■ THE TASK: Begin the copy at the line containing "Un adolescente se" in the data below and end it at the line containing "But what if", keeping each line exact and leaving out pictures.

■ MATERIAL FOR THIS TASK:
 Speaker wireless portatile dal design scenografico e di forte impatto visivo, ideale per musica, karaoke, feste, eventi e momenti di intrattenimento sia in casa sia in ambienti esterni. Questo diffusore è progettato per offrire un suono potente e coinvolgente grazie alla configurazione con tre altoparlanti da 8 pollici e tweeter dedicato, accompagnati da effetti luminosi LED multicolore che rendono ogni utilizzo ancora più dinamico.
--
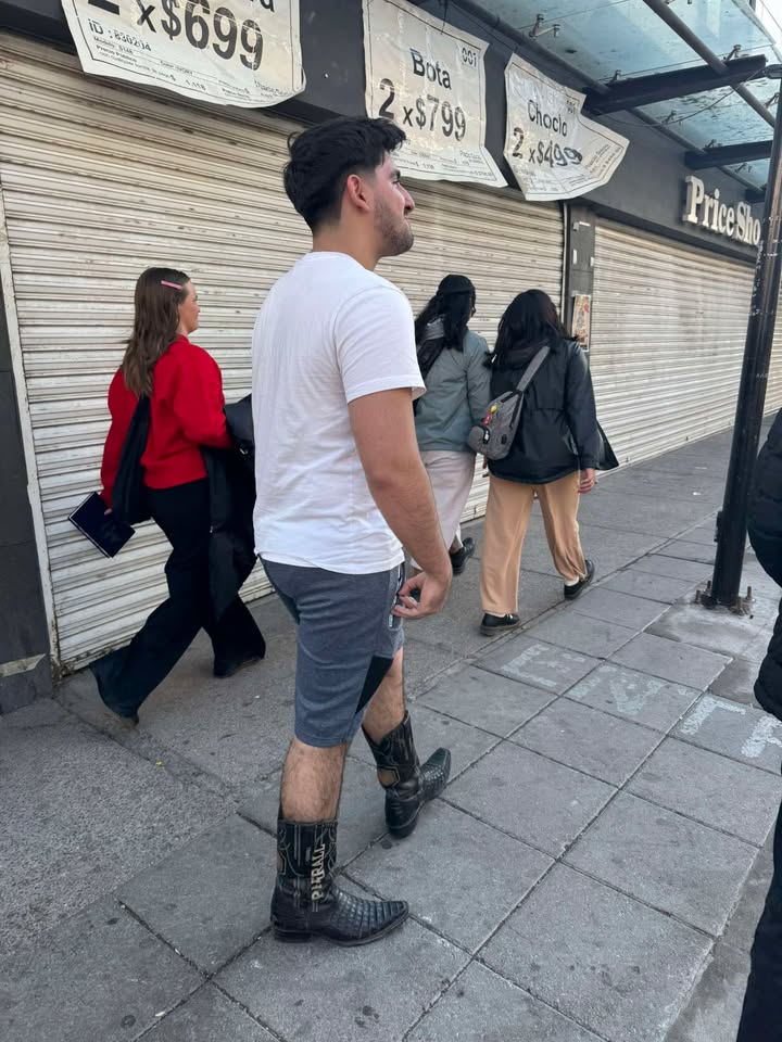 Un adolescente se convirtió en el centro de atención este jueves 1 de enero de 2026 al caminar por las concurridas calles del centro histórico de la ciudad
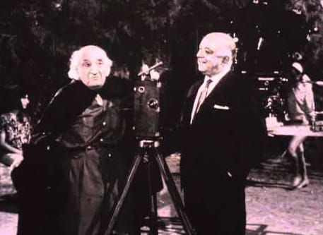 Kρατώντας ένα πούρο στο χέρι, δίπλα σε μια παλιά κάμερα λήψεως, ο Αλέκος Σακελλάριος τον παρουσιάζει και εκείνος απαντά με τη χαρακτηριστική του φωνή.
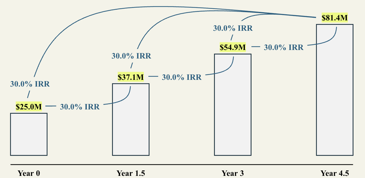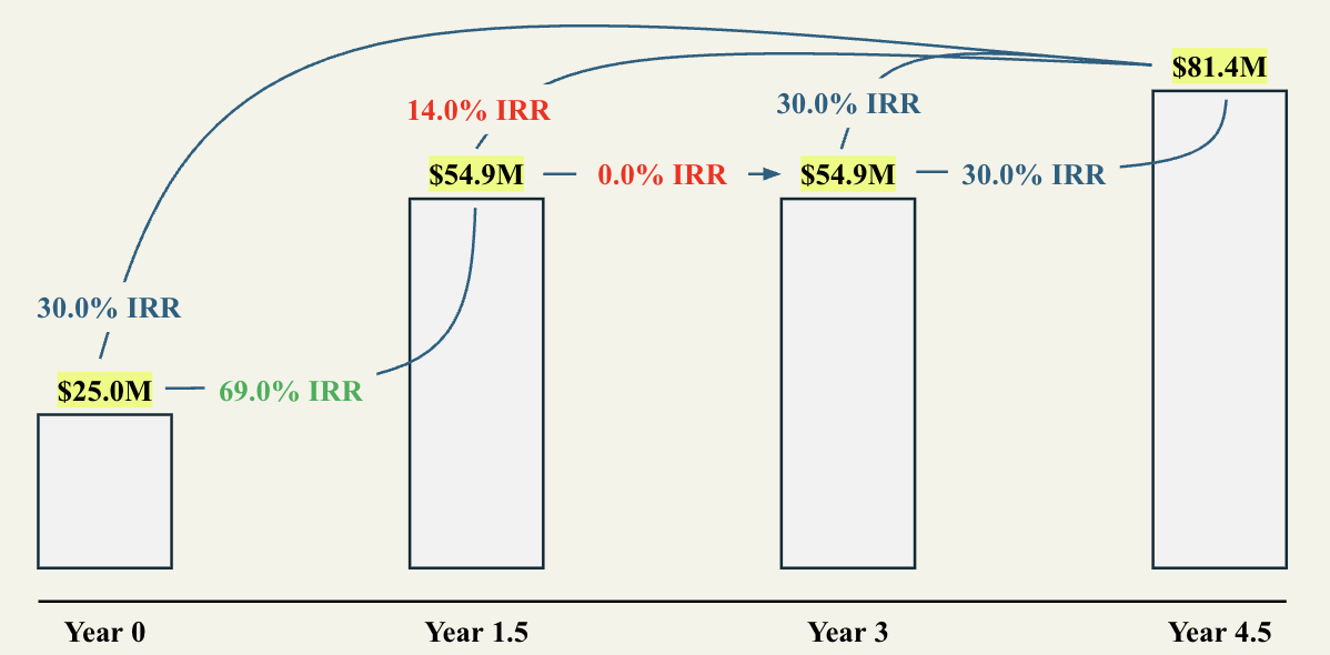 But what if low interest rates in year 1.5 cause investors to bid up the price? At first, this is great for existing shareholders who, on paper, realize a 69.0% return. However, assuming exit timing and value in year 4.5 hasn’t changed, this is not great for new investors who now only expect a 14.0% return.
--
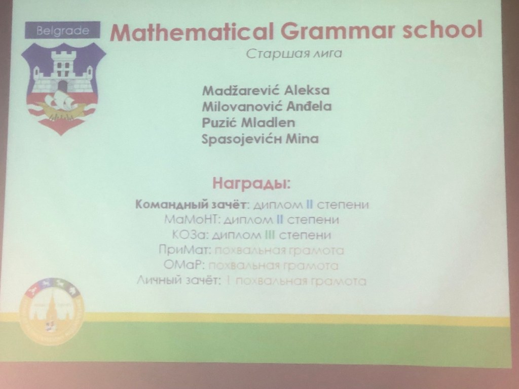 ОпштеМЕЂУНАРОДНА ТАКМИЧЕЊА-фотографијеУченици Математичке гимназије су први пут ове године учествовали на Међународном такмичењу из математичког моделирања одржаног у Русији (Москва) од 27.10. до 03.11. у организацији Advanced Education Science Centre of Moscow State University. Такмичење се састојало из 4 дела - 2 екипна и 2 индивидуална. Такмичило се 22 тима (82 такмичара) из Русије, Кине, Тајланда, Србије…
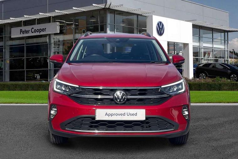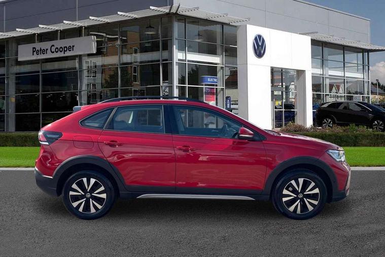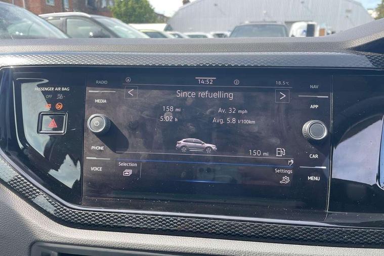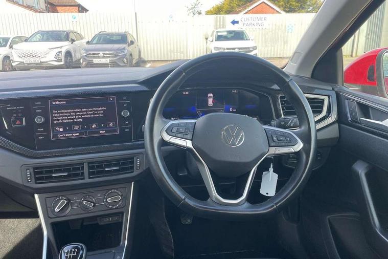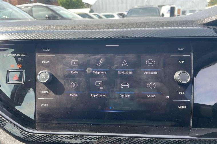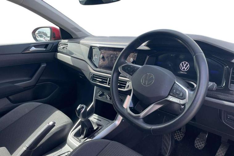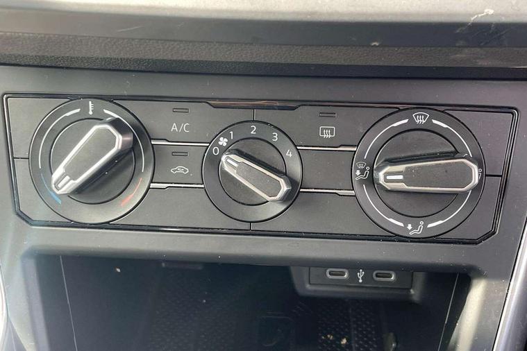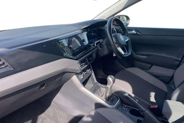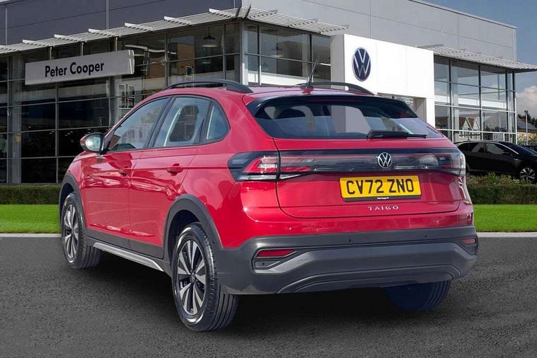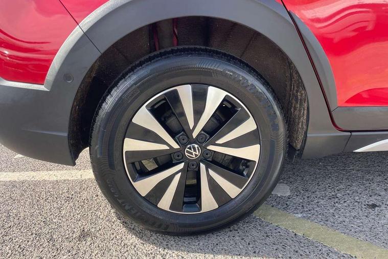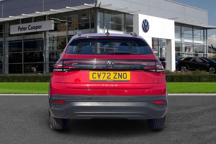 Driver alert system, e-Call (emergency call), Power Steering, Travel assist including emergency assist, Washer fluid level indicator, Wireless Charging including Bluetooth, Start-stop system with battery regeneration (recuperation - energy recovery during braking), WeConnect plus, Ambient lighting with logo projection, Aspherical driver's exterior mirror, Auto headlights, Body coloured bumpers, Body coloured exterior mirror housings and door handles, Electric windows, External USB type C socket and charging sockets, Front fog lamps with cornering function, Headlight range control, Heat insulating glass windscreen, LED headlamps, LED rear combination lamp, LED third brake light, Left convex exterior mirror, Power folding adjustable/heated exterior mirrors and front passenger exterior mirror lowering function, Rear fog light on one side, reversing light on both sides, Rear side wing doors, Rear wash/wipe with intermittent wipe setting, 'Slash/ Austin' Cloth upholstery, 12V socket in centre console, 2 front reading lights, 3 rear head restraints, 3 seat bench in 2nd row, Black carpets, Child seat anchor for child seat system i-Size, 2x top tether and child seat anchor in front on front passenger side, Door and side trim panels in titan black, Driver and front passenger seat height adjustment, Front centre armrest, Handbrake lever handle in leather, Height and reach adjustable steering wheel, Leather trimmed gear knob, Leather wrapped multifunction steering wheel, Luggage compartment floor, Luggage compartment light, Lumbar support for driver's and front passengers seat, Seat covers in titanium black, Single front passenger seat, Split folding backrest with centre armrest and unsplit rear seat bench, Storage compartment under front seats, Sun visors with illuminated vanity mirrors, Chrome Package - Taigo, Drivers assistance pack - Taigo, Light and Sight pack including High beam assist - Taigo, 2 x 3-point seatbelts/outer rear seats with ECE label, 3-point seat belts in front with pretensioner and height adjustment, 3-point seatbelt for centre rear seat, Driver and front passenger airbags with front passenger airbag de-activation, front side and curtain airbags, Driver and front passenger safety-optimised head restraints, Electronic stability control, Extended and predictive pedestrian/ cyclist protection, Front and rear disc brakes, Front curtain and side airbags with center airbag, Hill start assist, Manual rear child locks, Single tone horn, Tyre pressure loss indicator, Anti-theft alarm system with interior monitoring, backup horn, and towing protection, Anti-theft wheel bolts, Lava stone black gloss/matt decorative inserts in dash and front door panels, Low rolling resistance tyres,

■ ANSWER TO THIS TASK:
 Un adolescente se convirtió en el centro de atención este jueves 1 de enero de 2026 al caminar por las concurridas calles del centro histórico de la ciudad
 Kρατώντας ένα πούρο στο χέρι, δίπλα σε μια παλιά κάμερα λήψεως, ο Αλέκος Σακελλάριος τον παρουσιάζει και εκείνος απαντά με τη χαρακτηριστική του φωνή.
 But what if low interest rates in year 1.5 cause investors to bid up the price? At first, this is great for existing shareholders who, on paper, realize a 69.0% return. However, assuming exit timing and value in year 4.5 hasn’t changed, this is not great for new investors who now only expect a 14.0% return.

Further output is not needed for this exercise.